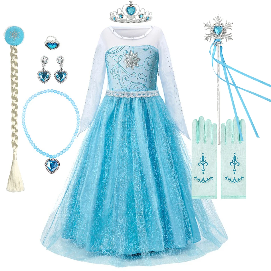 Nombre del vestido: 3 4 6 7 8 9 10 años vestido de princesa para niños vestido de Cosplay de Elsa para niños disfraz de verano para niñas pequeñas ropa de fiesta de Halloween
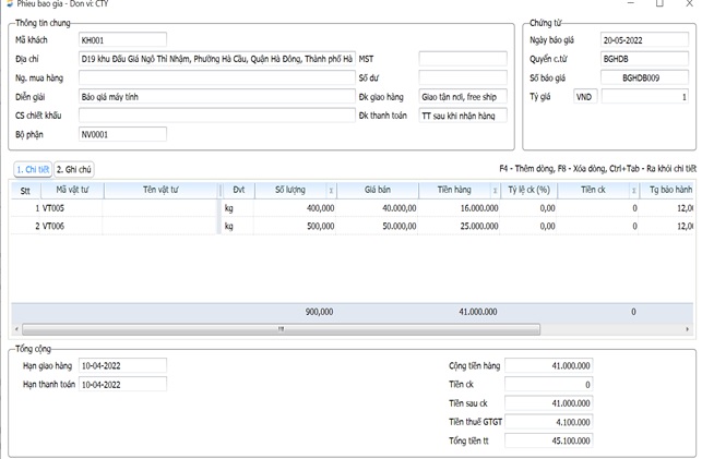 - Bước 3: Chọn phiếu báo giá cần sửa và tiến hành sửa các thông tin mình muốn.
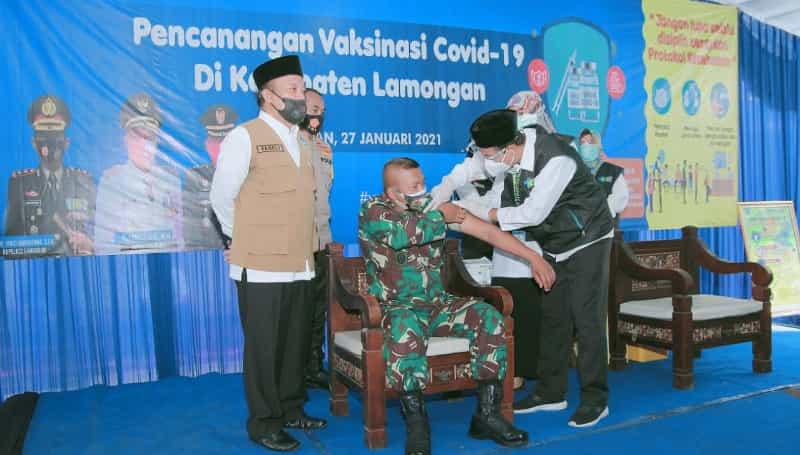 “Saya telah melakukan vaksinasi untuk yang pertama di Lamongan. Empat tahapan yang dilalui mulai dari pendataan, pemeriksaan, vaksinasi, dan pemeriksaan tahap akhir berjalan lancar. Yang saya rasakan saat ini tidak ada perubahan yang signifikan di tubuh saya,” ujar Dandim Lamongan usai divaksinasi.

···

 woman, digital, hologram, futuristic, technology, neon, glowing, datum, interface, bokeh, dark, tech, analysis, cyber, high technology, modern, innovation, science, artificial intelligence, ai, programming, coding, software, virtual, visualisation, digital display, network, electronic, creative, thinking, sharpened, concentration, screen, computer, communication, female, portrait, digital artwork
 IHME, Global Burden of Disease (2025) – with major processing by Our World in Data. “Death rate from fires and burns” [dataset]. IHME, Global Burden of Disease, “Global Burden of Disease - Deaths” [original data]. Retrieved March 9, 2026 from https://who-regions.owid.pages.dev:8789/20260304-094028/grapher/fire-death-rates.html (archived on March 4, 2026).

···

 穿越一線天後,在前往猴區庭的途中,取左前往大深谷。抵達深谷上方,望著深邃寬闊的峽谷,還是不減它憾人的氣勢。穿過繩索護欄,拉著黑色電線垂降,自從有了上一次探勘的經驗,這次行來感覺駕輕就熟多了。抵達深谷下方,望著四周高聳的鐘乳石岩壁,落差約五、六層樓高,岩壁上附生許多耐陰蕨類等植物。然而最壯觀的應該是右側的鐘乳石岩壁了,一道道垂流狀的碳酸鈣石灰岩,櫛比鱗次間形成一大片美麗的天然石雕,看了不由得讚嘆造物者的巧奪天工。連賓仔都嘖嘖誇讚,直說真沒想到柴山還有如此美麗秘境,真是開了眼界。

···

**Problem statement**
Reproduce the data above exactly, but only the lines from the one showing "Nombre del vestido: 3" through the one showing "Lamongan usai divaksinasi.", with both ends kept and the pictures left out.

**Solution for this exercise**
 Nombre del vestido: 3 4 6 7 8 9 10 años vestido de princesa para niños vestido de Cosplay de Elsa para niños disfraz de verano para niñas pequeñas ropa de fiesta de Halloween
 - Bước 3: Chọn phiếu báo giá cần sửa và tiến hành sửa các thông tin mình muốn.
 “Saya telah melakukan vaksinasi untuk yang pertama di Lamongan. Empat tahapan yang dilalui mulai dari pendataan, pemeriksaan, vaksinasi, dan pemeriksaan tahap akhir berjalan lancar. Yang saya rasakan saat ini tidak ada perubahan yang signifikan di tubuh saya,” ujar Dandim Lamongan usai divaksinasi.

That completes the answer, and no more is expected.